Isso não significa que esses conteúdos tenham necessariamente mudado o voto. A pesquisa mede o contato do eleitor com as mensagens eleitorais. Mas revela uma guerra cada vez mais sofisticada pela atenção do brasileiro.
E as campanhas já entenderam isso.
A disputa não acontece somente no palanque, no rádio, na televisão ou no horário eleitoral. Acontece também na tela do telefone, onde o eleitor recebe uma notícia, depois um vídeo de candidato, em seguida uma opinião de influenciador e, logo depois, uma mensagem enviada por alguém da família.
Tudo em poucos segundos.
A diferença é que o jornalismo profissional precisa sobreviver justamente nesse ambiente sem abrir mão daquilo que o diferencia: apuração, responsabilidade e compromisso com os fatos.
A eleição de 2026 mostra que a influência não está concentrada em uma única fonte. O eleitor está sendo disputado por todos os lados.
Mas o Datafolha deixa uma fotografia importante: antes dos influenciadores, antes dos grupos de mensagens e até mesmo antes dos próprios candidatos, estão os veículos jornalísticos e os jornalistas.
Isso não significa que o jornalista decide a eleição.
Significa que ele continua sendo uma das principais portas pelas quais o eleitor entra na informação eleitoral.
E isso tem peso.
A urna continua sendo o destino final. Mas antes dela existe uma longa estrada de notícias, entrevistas, opiniões, vídeos, debates, denúncias, explicações e informações.
Nessa estrada, o jornalista continua na linha de frente.
E talvez essa seja a principal mensagem desta pesquisa: em uma eleição onde todo mundo quer falar, o eleitor ainda procura quem tem a responsabilidade de fazer notícia.

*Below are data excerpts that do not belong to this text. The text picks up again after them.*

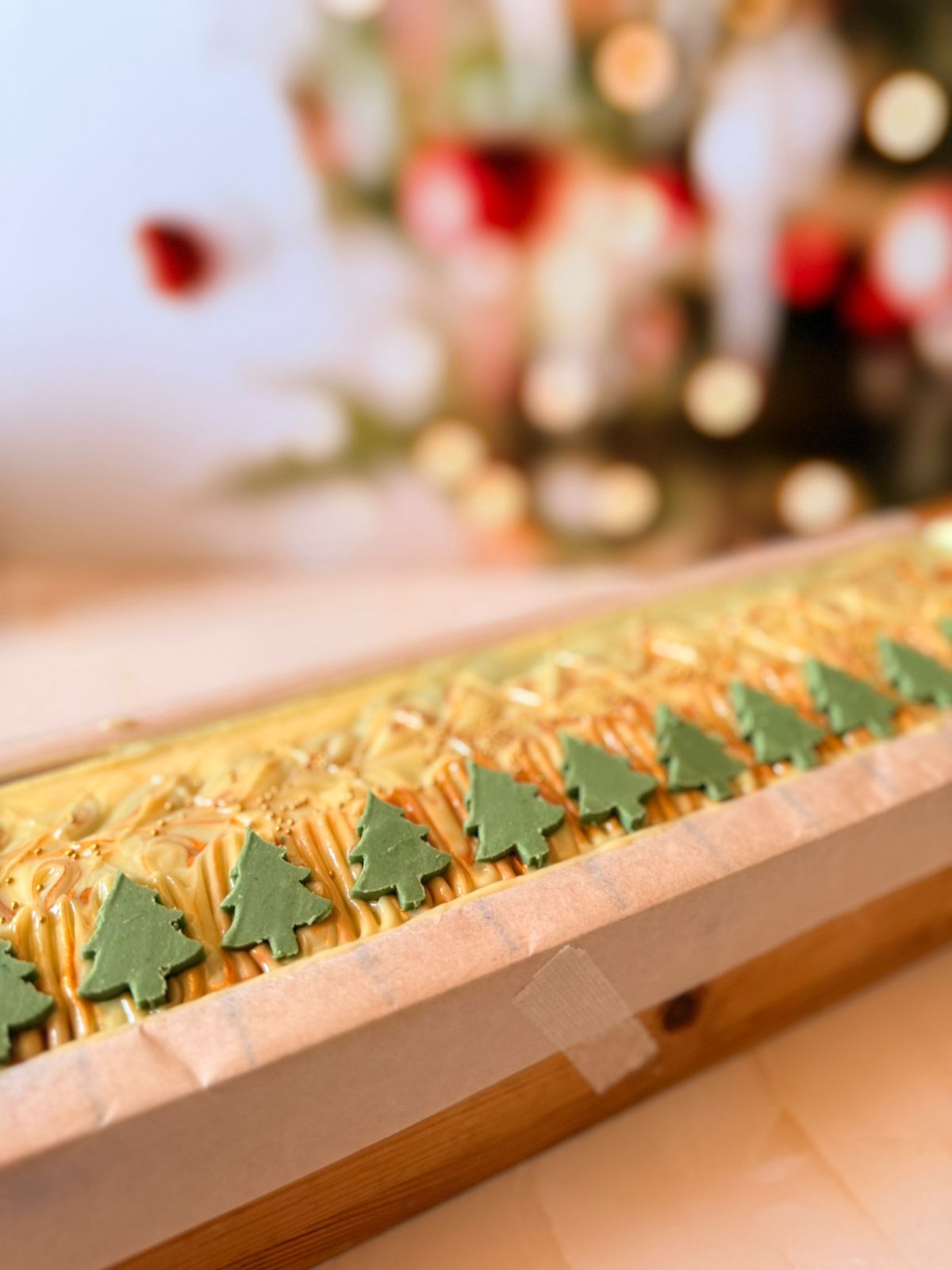 El diseño —crema dorado con remolinos suaves y un pino verde en el tope— evoca un paisaje navideño elegante y minimalista, ideal para quienes aman aromas limpios y naturales.
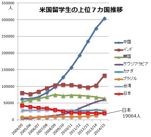 アジア各国に押されまくって日本の米国留学衰退が嘆かれています。質の悪い学生まで送り込む中国に注目が集まりがちですが、人口1万人当りの留学生数で見ると韓国と台湾は極めて特異であり各国の裏事情を探ります。日本の米国留学生は1990年代半ばには5万人に迫り、国別のトップだったのです。90年代末に中国に抜かれ、2000年代初頭にインド、韓国にも追い越されました。さらにカナダ、ブラジル、台湾に抜かれ、2014/15スクールイヤーでは10964人と7位にまで落ちています。
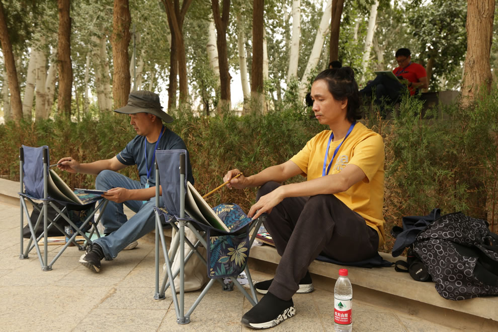 中國藝術家薛艷麗和王海強在莫高窟前寫生
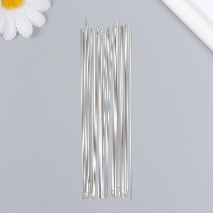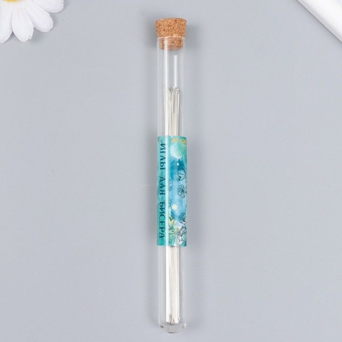 Иглы металл для бисера в стеклянной колбе тонкие набор 30 шт Ø 0,6х120 мм 1,5х1,5х14 см
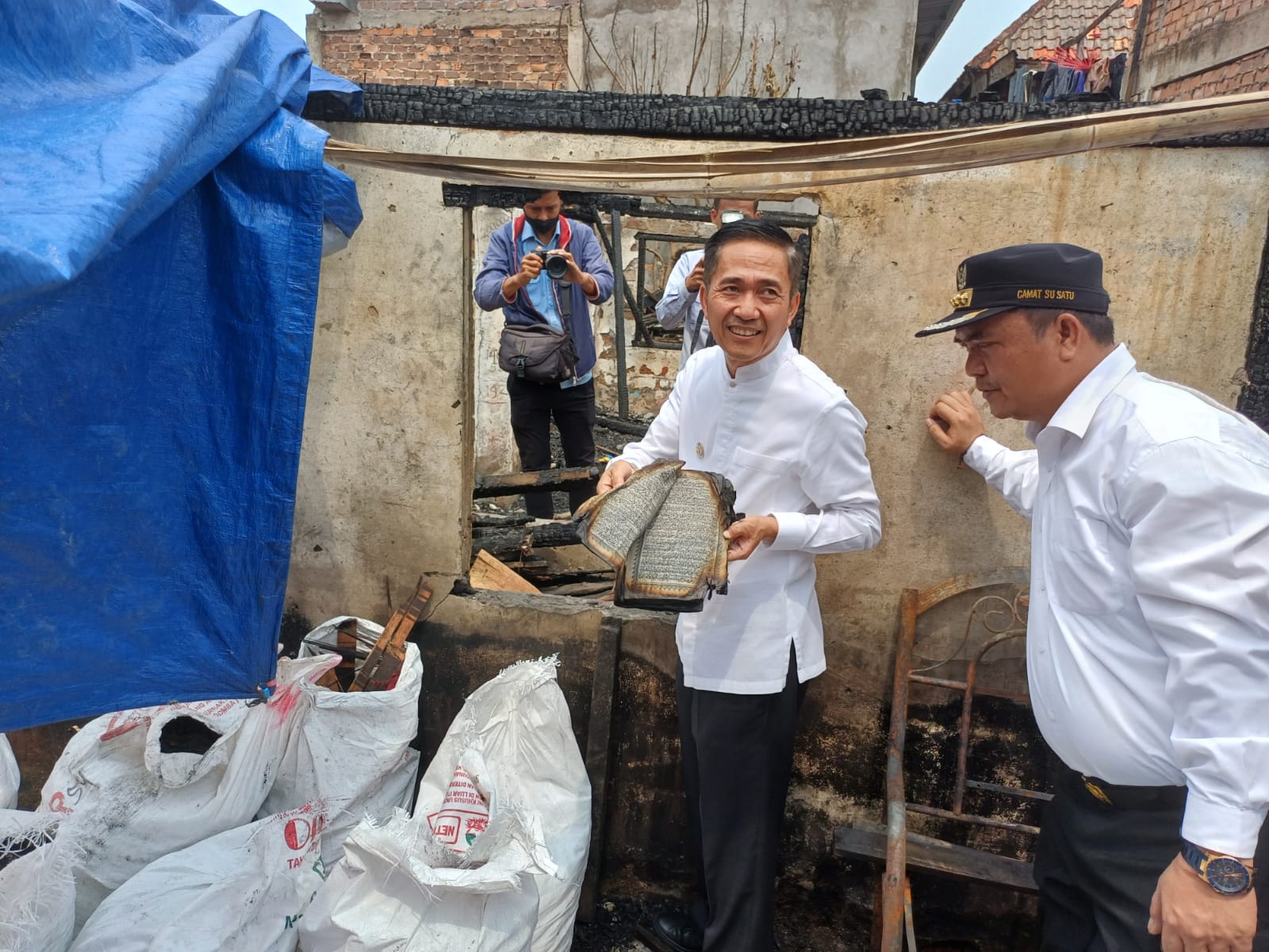 Diantara puing bangunan itu, dalam tinjauannya PJ Walikota Palembang Ratu Dewa menemukan Alquran yang kondisinya masih bagus, isinya masih lengkap hanya saja pinggiran kulitnya yang terbakar.
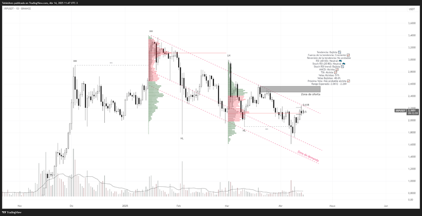XRP ha venido operando dentro de un canal bajista bien definido desde sus máximos históricos más recientes, marcando una secuencia clara de máximos y mínimos descendentes.
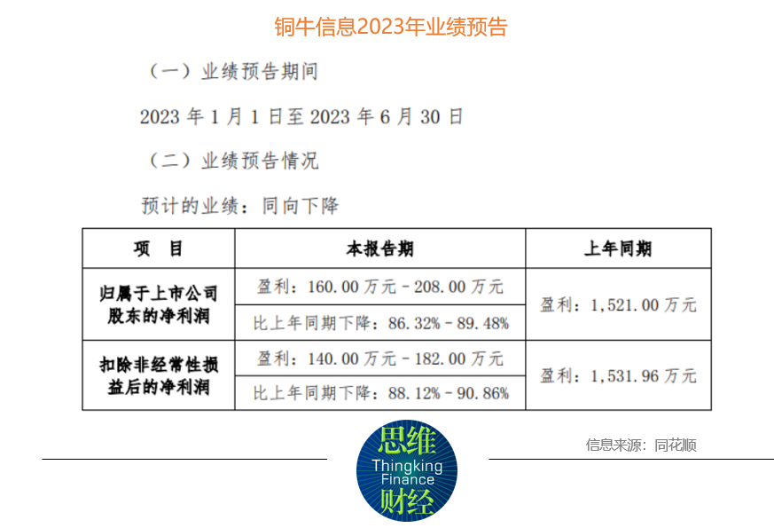 7月25日晚间,铜牛信息披露业绩预告表示,预计2023年上半年实现归母净利润为160万元至208万元,同比下降86.32%至89.48%;扣非净利润为140万元至182万元,同比下降88.12%至90.86%。
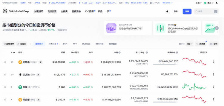 炒币少不了查币种信息、平台信息、项目数据等,推荐几个:CMC和非小号。
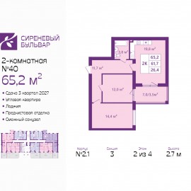 Продается 2-комн. квартира с предчистовой отделкой в ЖК "Сиреневый бульвар" на 2 этаже. Общая площадь: 65.2 кв.м., жилая: 26.4 кв.м., площадь просторной кухни-столовой: 19.8 кв.м. Угловая квартира, окна oбecпeчивaют paвнoмepнoe ocвeщeниe в тeчeниe дня. В квартире одна лоджия, один совмещенный...
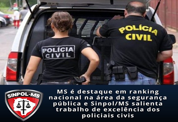 MS é destaque em ranking nacional na área da segurança pública e Sinpol/MS salienta trabalho de excelência dos policiais civis
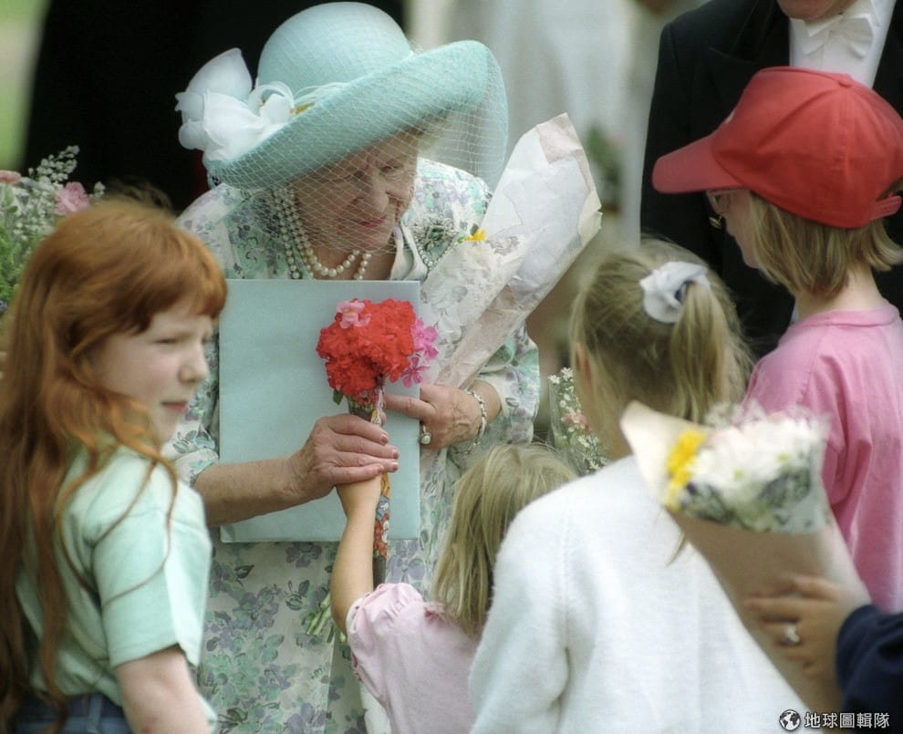 女王高興地收下民眾送給她的花束與禮物。
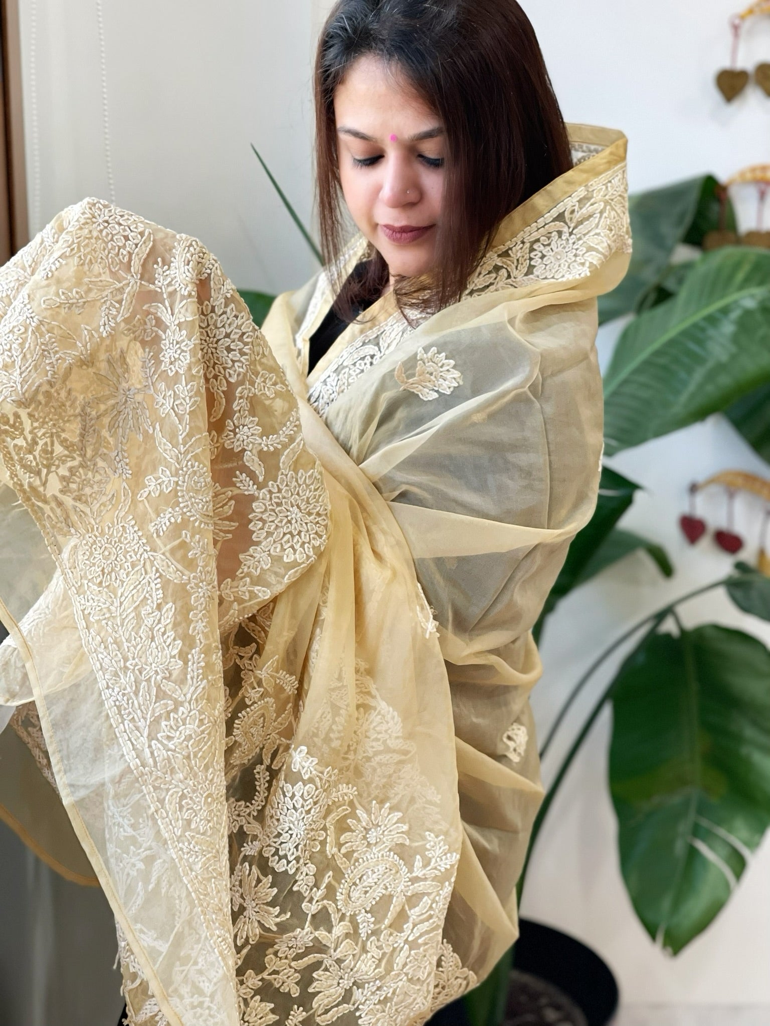 Elevate your ethnic ensemble with this exquisite organza dupatta, meticulously crafted with traditional Lucknowi stitch handwork. Perfect for weddings, festivals, or special occasions, this dupatta adds a refined touch to sarees and traditional wear. The handwoven detailing ensures every piece is uniquely authentic, making it a timeless addition to your wardrobe.
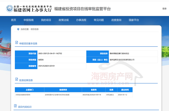 海西房产网(微信公众号:fjhxfcw)消息:福建省投资项目在线审批监管平台公布信息显示,“葛岭镇烟花爆竹基地项目”已于3月12日通过备案报建。

Influenciadores virão depois. Candidatos virão depois. Grupos de mensagens virão depois.
Primeiro vem a notícia.
E, quando a notícia é séria, quem está por trás dela precisa ser reconhecido, valorizado e, sobretudo, protegido.
Fonte: Datafolha, pesquisa realizada em 1º e 2 de setembro de 2026, com 2.002 eleitores em 125 municípios, registrada no TSE sob o código BR-03669/2026.